◆ **Records to process**:
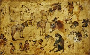 Breughel contributed to the development of the genre of the 'monkey scene', also called 'singerie' (a word derived from the French for 'monkey' and meaning a 'comical grimace, behaviour or trick').[49] Comical scenes with monkeys appearing in human attire and a human environment are a pictorial genre that was initiated in Flemish painting in the 16th century and was further developed in the 17th century.[50] Monkeys were regarded as shameless and impish creatures and excellent imitators of human behaviour. These depictions of monkeys enacting various human roles were a playful metaphor for all the folly in the world.[51]
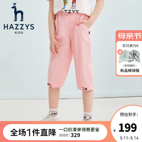 当前的位置: 首页 > 今日值得买 > 哈吉斯(HAZZYS)童装男女童儿童裤子夏季新品中大童纯色休闲七分裤 粉艾尔 120cm
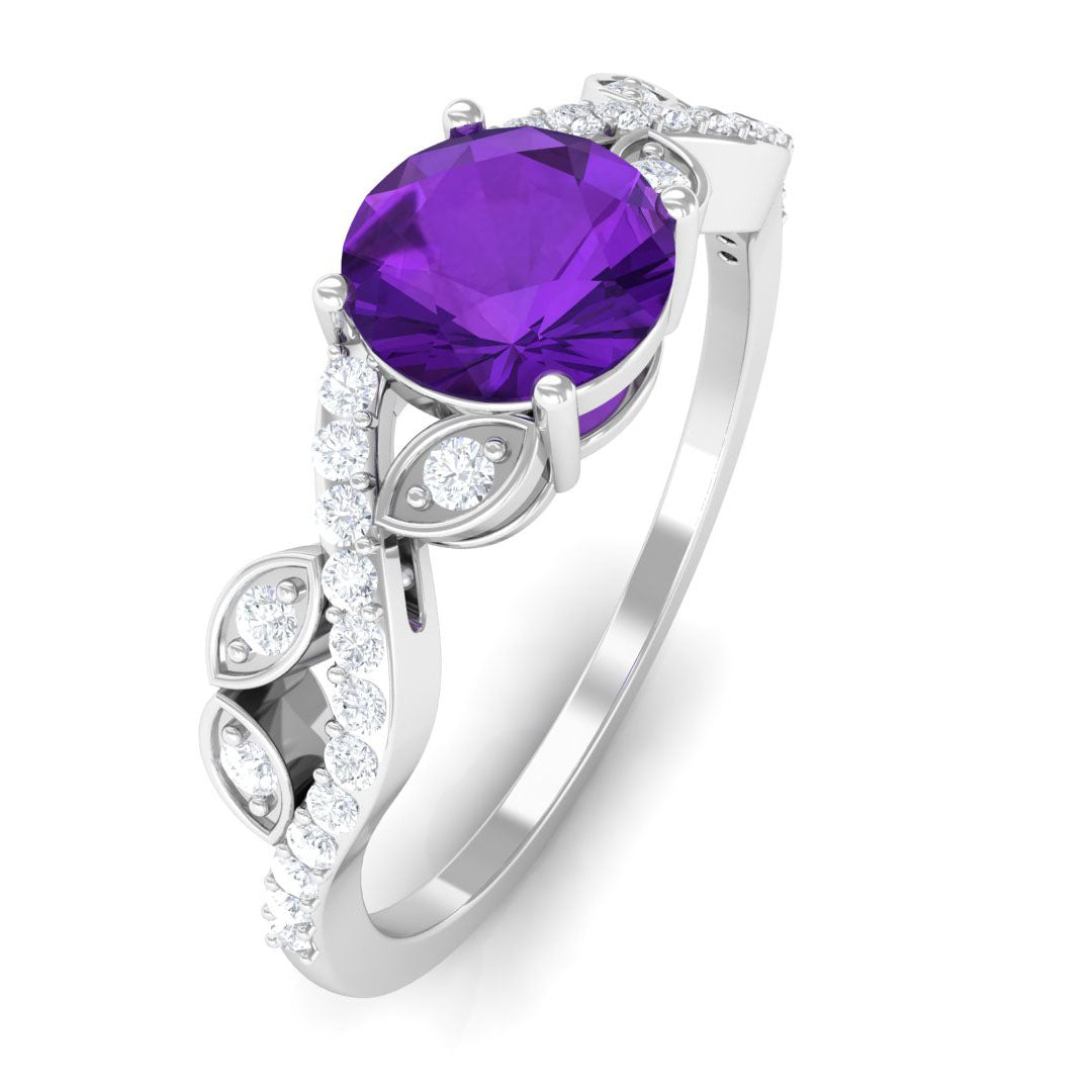 Nature Inspired Amethyst and Diamond Solitaire Engagement Ring
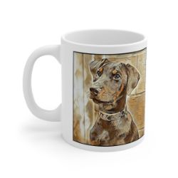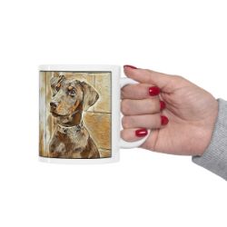 Keep cozy and warm with a nice cuppa, featuring the beloved Doberman dog breed stylized in our Coloromo Hairy Styles art on a ceramic mug. Lead and BPA-free, these durable mugs are also microwave & dishwasher-safe. Made of white, resilient ceramic in an 11-ounce size, this is the perfect gift for coffee, tea, and hot chocolate lovers.
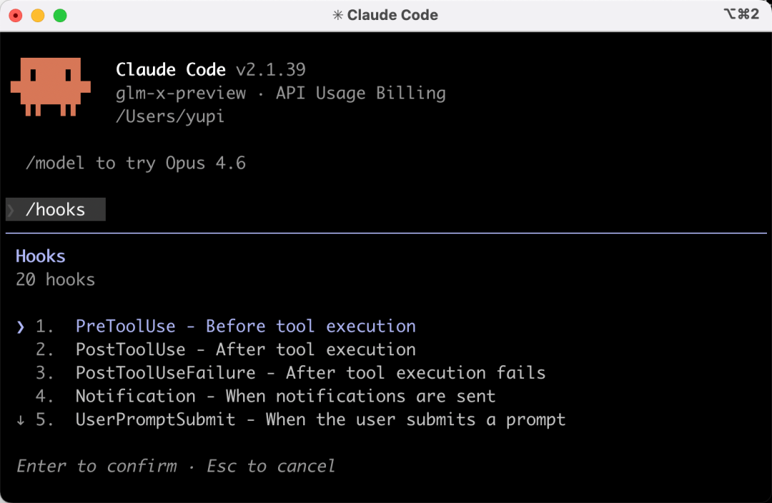 各种主流 AI 编程工具都支持 Hooks,比如在 Claude Code 中,Hooks 可以用来:
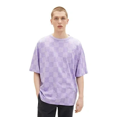 TOM TAILOR Denim Men's T Shirt 1035603, 31393 Lilac Vibe Check Print, L
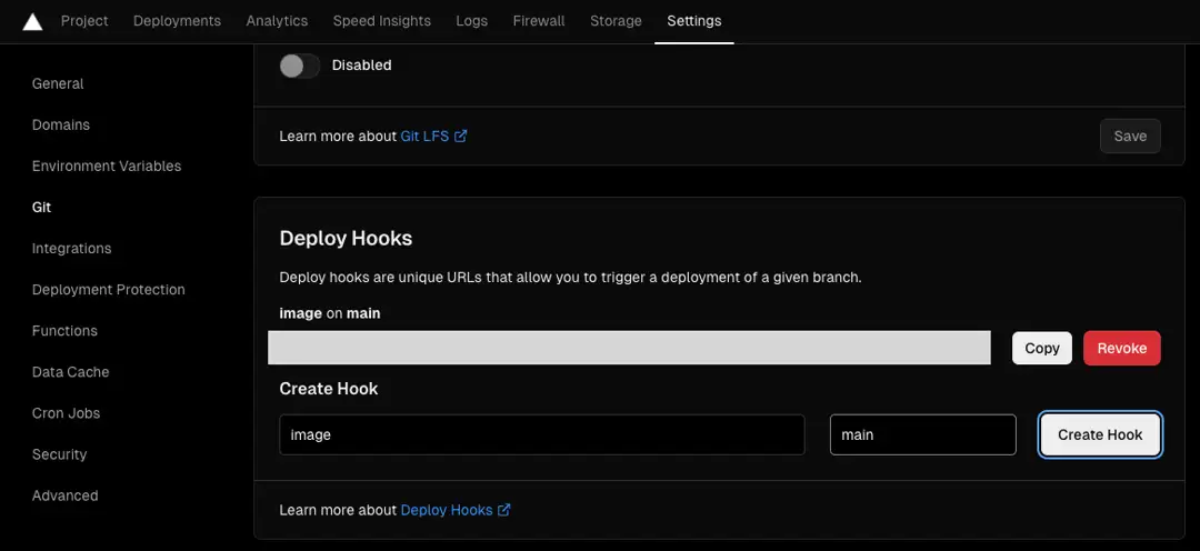 Vercelのプロジェクトの設定画面からWebhookのURLを生成し、コピーしておきます。
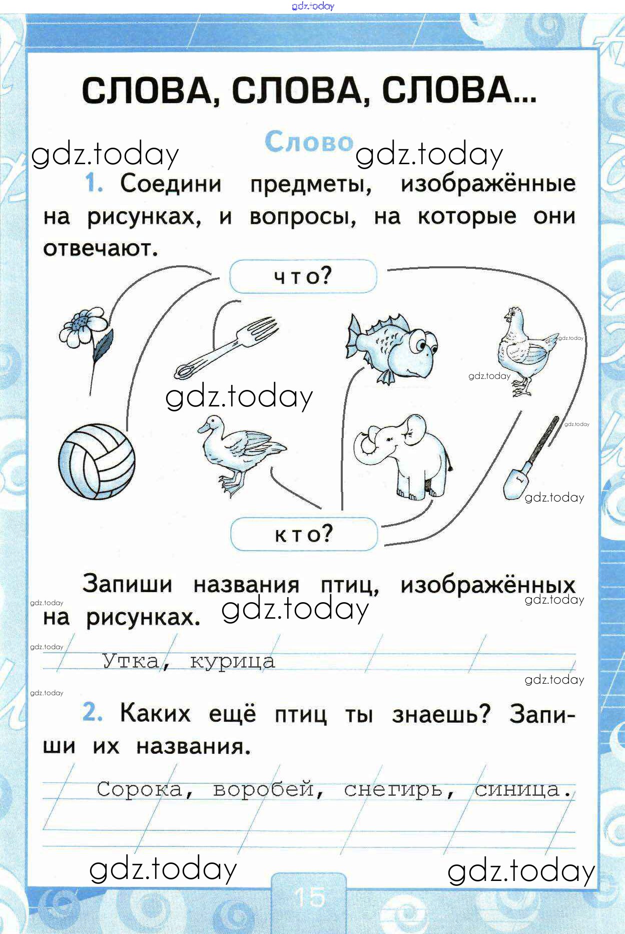 Ответы к Страницы (решение) 15 Рабочей тетради по Русскому языку для 1 класса Тихомирова Экзамен УМК 2016
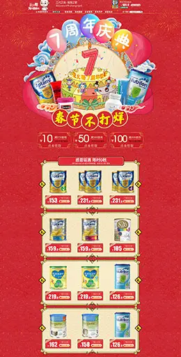 auby澳贝母婴用品儿童玩具童装新年新春年货节 腊八节 天猫首页活动专题页面设计
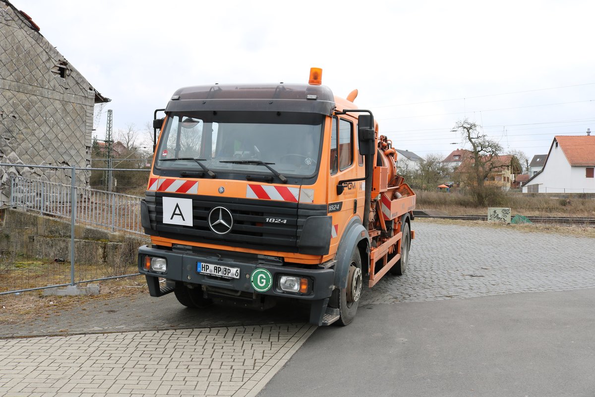 Mercedes Benz mit Kombinierten Saug-Spülaufbau mit Wasseraufbereitung am 24.03.18 in Neustadt (Hessen)
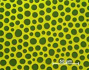 To allow the bubbles to move around the bubble chips and to guide them through the chip, the chips have some sort of pattern made of ferromagnetic metal that can include for example asymmetrical chevrons.[3] For example, the bubbles can move around the edges of the chevrons. The patterns can be called propagation elements as they allow the bubbles to move or propagate across it. They define pathways for the bubbles to be stored and retrieved for reading and the rotating magnetic field moves the bubbles along these paths. For bubble memory, a material like Gadolinium Gallium Garnet is used as the substrate in the chips.[3] On top of the substrate is a magnetic film (bubble host or bubble film/layer)[5][4] such as a Gadolinium-containing garnet[5] or more often, single crystal substituted yttrium iron garnet[4] which holds the magnetic bubbles, that is grown epitaxially with liquid-phase epitaxy with lead oxide flux as the liquid with yttrium oxide and other oxides, and then the film is doped with ion-implantation of one or several elements, to reduce undesirable characteristics.[5][3] The epitaxy process would be carried out with a platinum crucible and wafer holder.[4] The chevrons and other parts are built on top of the film.[3] The propagation elements, including the chevrons, can be made of a material such as Nickel-Iron permalloy. The materials in bubble memories are chosen mainly for their magnetic properties.[3] Gadolinium Gallium Garnet is used as a substrate because it can support the epitaxial growth of magnetic garnet films, and is nonmagnetic,[4] although some bubble memories used Nickel-Cobalt substrates instead.

◆ **Exercise**: Please return the data above exactly as it stands from the line with "auby澳贝母婴用品儿童玩具童装新年新春年货节 腊八节 天猫首页活动专题页面设计" to the line with "Mercedes Benz mit", keeping both of those lines but none of the pictures.

◆ **Exercise result**:
 auby澳贝母婴用品儿童玩具童装新年新春年货节 腊八节 天猫首页活动专题页面设计
 Mercedes Benz mit Kombinierten Saug-Spülaufbau mit Wasseraufbereitung am 24.03.18 in Neustadt (Hessen)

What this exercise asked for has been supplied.